Test data and file generation: desktop software or on-line service?

At the moment ant QA engineer or software developer has access to a lot of the data generation and data management tools. There are two common ways to generate the test data by third-party tool: install the software in own infrastructure (desktop or server) or use SAAS model (software as a service.

The third-party service has a few advantages for fast data with easy structure generation:

  • You have not to install it at all.
  • It is ready to use. You should not prepare or tune it.
  • Easy to use interface.
  • Most of these services are free.

It is a perfect way to create a small set of data without complex relationships or dependencies. You can make it in a few mouse clicks only.

However, the online services have some critical limitation by design. The most important of them is access to your local data sources, database schemas, files, spreadsheets, etc. For security reasons, you can't give access to your infrastructure for third-party web service.

Therefore, the SAAS solution can't analyze your database structure if your database is not cloud-based as well. You should define the target data set structure manually or export and import. Also, you can't use your Excel spreadsheet or Microsoft Access database as a source for a target column. Instead of, you have to use random data. It makes datasets less realistic.

The second limitation is internal structures and sources disclosure. The third party service will access to your database schema, your files with dictionaries, etc. It is critical for companies with strong policy and can block SAAS model usage.

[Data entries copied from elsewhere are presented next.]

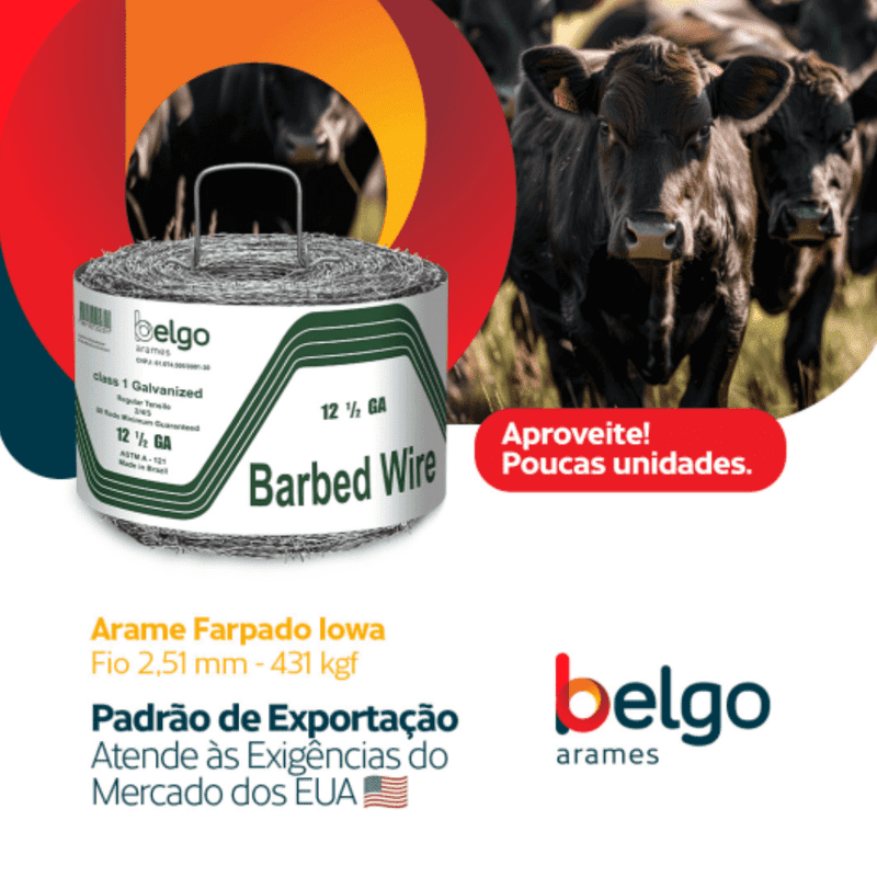 Arame Farpado Iowa 403 m – Fio 2,51 mm – 431 kgf | Padrão Exportação EUA Belgo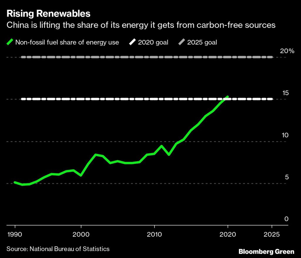 China’s target for 20% of its energy needs to be met by non-fossil fuel sources by 2025 is faster than a previous goal of reaching that mark by 2030, and it illustrates the enormous success the country has had boosting installations of solar and wind capacity in recent years. The country will continue to “efficiently” develop those sources and promote hydrogen, pumped hydropower and energy storage in the next five years.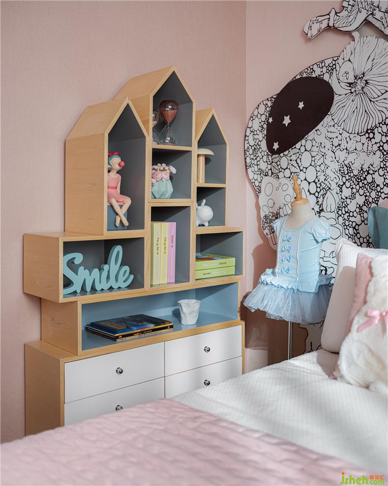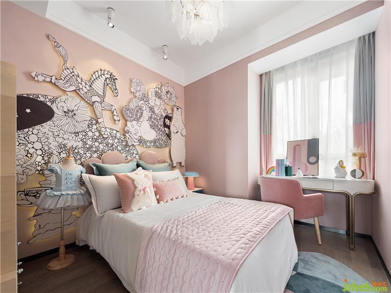 女兒房意在貼合少女純真浪漫情懷,背景墻的藝術(shù)童話剪紙讓空間既飽含童趣,同時又不至于太過幼稚,能俘獲少女心,也能適宜日漸成熟的品味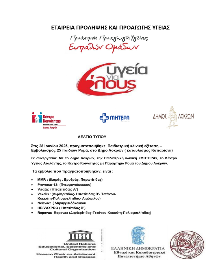 Εμβολιασμός παιδιών Ρομά στους καταυλισμούς της Κοινότητας Κυπαρισσίου του Δήμου Λοκρών
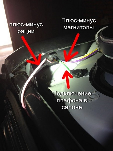 1. Плюс-минус рации решили тянуть внутри левой стойки стекла (там же протянут плюс-минус магнитолы и плафона освещения салона)

The last important problem id a channel bandwidth. It is not important if you need to create 1M easy rows with 5-7 columns. But if you need 10 billion of rows with the complex structure the channel will be a bottleneck.

Due to the free model of distribution, most online data generation services do not provide you with quality technical support. On the other hand, all of them are easy to use for most popular cases.

The desktop solutions have no mentioned limitations. However, all of the modern tools have complex GUI. You need some time to understand the generation model and learn the tool. For example, some tools based on the database table list and do not allow you to create a few rules for the same table.

The second, you need some time to tune the tool for your environment: database connections, access rights to shared data sources and files, etc.

Most of powerful data generators are not a free or open source. The typical license cost is between 50-70 USD for the single database to 400-500 USD for universal full-featured tools per user.

So, we recommend to start from free online services and switch to the desktop product if SAAS model's limitations are critical for your projects.